What you should do ::
For this exercise, an exact copy is needed of only the lines from the one containing "This elegant return" through the end of the data, with pictures left out.

Raw data ::
+ + + +
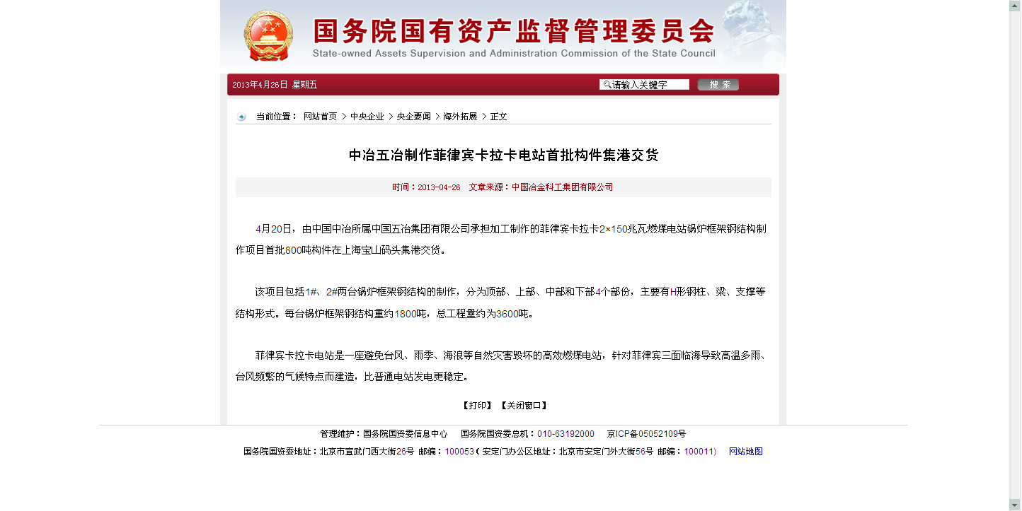 國資委報道:中冶五冶制作菲律賓卡拉卡電站首批構件集港交貨
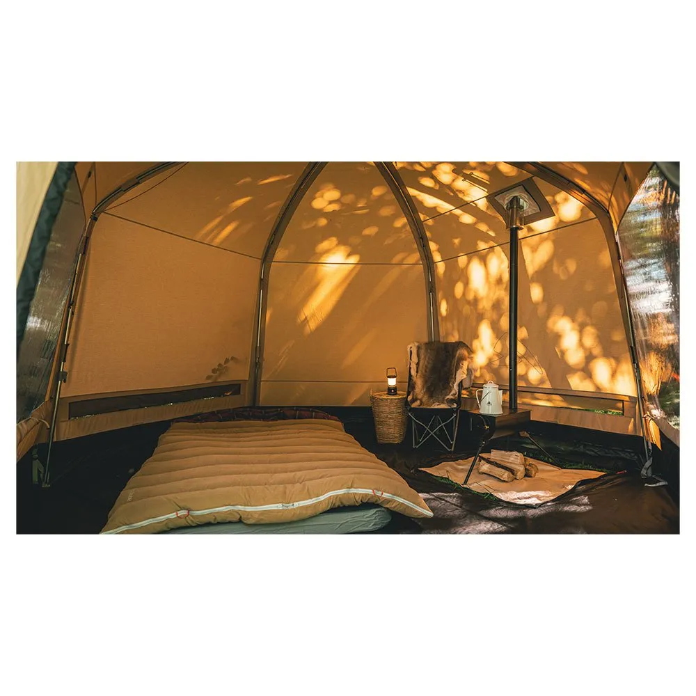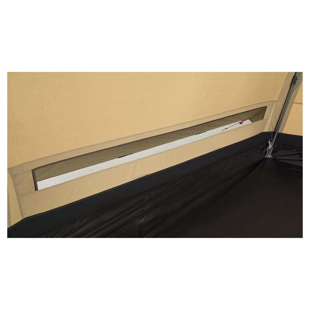 HydroTex® Polycotton RS fabric and superlative ventilation, plus large windows, keep the spacious inside bright and airy while a flue outlet and zipped groundsheet allow the use of a stove.
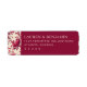 This elegant return address label features a sophisticated maroon background paired with an intricate floral pattern on the left side, showcasing lush pink roses and red flowers. The design combines modern digital illustration techniques with classic botanical elements, creating a timeless aesthetic. Clean serif typography is used for the customizable text, ensuring clarity and refinement. Perfect for formal invitations or significant announcements, this label exudes elegance and formality, making it ideal for special occasions.
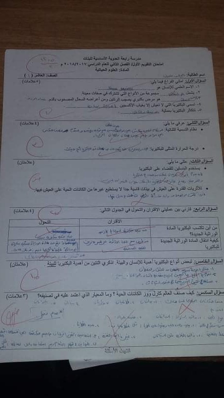 نموذج لاختبار الشهر الأول لمادة العلوم الحياتية للصف العاشر الفصل الثاني
+ + + +
Result of the task ::
 This elegant return address label features a sophisticated maroon background paired with an intricate floral pattern on the left side, showcasing lush pink roses and red flowers. The design combines modern digital illustration techniques with classic botanical elements, creating a timeless aesthetic. Clean serif typography is used for the customizable text, ensuring clarity and refinement. Perfect for formal invitations or significant announcements, this label exudes elegance and formality, making it ideal for special occasions.
 نموذج لاختبار الشهر الأول لمادة العلوم الحياتية للصف العاشر الفصل الثاني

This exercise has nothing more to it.